Nel caso di Santoni si può affermare che in fondo i temi affrontati dai suoi vari romanzi costituiscono altrettante “stanze profonde” in cui personaggi si muovono, dagli psichedelici alla cultura free-tekno, dai sogni alla narrativa fantastica. In questo caso il vasto salone dove Antonio e i suoi figli si aggirano è la seconda metà del Novecento italiano e, sovrapposto a essa, l’altrettanto ampio spazio della paternità e della figliolanza, richiamandosi fin dal titolo ai Karamazov e al confronto con un altro padre larger than life. I grandi archetipi narrativi rischiano facilmente di diventare stereotipi, e quando ci si accinge ad affrontarli di petto si rasenta pericolosamente quella che già Lewis definiva la sindrome del Tempio di Gerusalemme (per cui, dopo anni di abbellimenti e in gradimenti, alla fine lo Spirito si rifiuta di discendere e abitare l’opera che gli abbiamo innalzato); costituisce invece una gradita conferma constatare che Santoni ce l’ha effettivamente fatta e che, varcatane la soglia, anche questa stanza si rivela assai profonda, capace di raccontare così tanto e bene degli ultimi trent’anni della storia italiana; basti pensare al pageant dei tatuaggi sulla spiaggia di Viareggio, un vero e proprio petrarchesco Trionfo del Tempo: “A questo livello di diffusione sono proprio i mondi interiori a riverberarsi senza pietà sui corpi assieme alle epoche. I soli aztechi e il calendario maya, la Madonna, Ganesh e il Bafometto, l’acchiappasogni e gli esagrammi e il triskelion e la clavicola di Phu-Hi, le rune le stelle il sole e la luna, la coppa e la spada, la mano di Fatima e l’occhio di Ra, un sincretismo impazzito alla ricerca disperata di un senso oppure al solo servizio dell’accumulo”.
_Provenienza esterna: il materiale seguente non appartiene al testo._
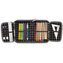Piórnik jednokomorowy z dwoma klapkami z wyposażeniem (długopis, ołówek, 7 pisaków, 9 kredek, gumka, linijka, temperówka, ekierka). Zadrukowane kolorowe wnętrze.

Un grande viaggio centrifugo e centripeto, capace di incarnare in sfaccettature sempre nuove il rapporto col sacro, la ricerca più o meno lineare della propria vocazione, del proprio “punto fisso” nella danza cosmica di Eliot, l’arte contemporanea, lo sport, la narrativa, i soldi facili coi traffici illegali, l’India dei guru e dei cani randagi e i giardinetti della Firenze degli anni Ottanta, i palazzetti dello sport in provincia e i ricevimenti berlinesi dopo le mostre, gli aspiranti scrittori ridotti a mettere sempre e solo voti alti nelle sedi italiane dei college americani e l’avvento del web. Come tutta la scrittura di Santoni, si tratta anche di un romanzo “sui romanzi”, sui linguaggi e sulle immagini antiche o recenti con cui abbiamo cercato di esprimere la dimensione profonda e autentica del nostro rapporto col mondo, e a tal riguardo dialoga esplicitamente col “Doktor Faustus” di Mann ma anche con la natura sci-fi di Vandermeer, i vocativi dei testi sapienziali orientali e la commedia all’italiana. George Santayana notò come “in natura tutto è lirico nella sua essenza ideale, tragico nel suo destino, e comico nella sua esistenza”. Anche qui, ciò che un tempo pareva destinato a risolversi tragicamente può scartare verso la farsa e demolire così tante narrazioni precostituite, i previi copioni che cerchiamo di far recitare ai nostri rapporti, eppure in ciò non si esprime alcun cinismo, bensì la tenerezza d’uno sguardo effettivamente alternativo sul nostro rapporto col passato privato e collettivo. Dopo tante fiacche imitazioni pedisseque e rabbiosi rigetti parimenti adolescenziali, alla cultura e alle generazioni del nuovo millennio è possibile scoprire e assumere un diverso atteggiamento nei confronti dei padri e del secolo tutto che li hanno preceduti e generati: la responsabilità di salvarli.